Assignment:
Pictures appear among the records below and must be omitted. Repeat exactly the lines from the line with "- Tên sản phẩm: Thanh" to the line with "El reportero charla", both included.

Task input:
========================

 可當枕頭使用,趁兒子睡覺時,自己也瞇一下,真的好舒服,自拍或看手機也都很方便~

========================

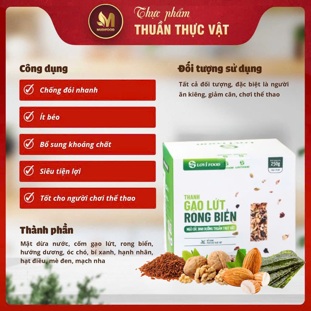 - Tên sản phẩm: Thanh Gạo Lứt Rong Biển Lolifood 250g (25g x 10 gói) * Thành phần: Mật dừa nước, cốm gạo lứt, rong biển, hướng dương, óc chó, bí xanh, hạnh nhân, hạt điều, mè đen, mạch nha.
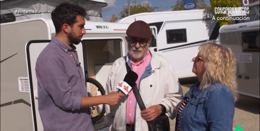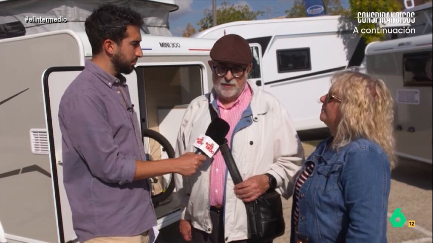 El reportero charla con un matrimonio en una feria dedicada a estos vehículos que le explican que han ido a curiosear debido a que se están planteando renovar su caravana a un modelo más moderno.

========================

Answer to this problem:
 - Tên sản phẩm: Thanh Gạo Lứt Rong Biển Lolifood 250g (25g x 10 gói) * Thành phần: Mật dừa nước, cốm gạo lứt, rong biển, hướng dương, óc chó, bí xanh, hạnh nhân, hạt điều, mè đen, mạch nha.
 El reportero charla con un matrimonio en una feria dedicada a estos vehículos que le explican que han ido a curiosear debido a que se están planteando renovar su caravana a un modelo más moderno.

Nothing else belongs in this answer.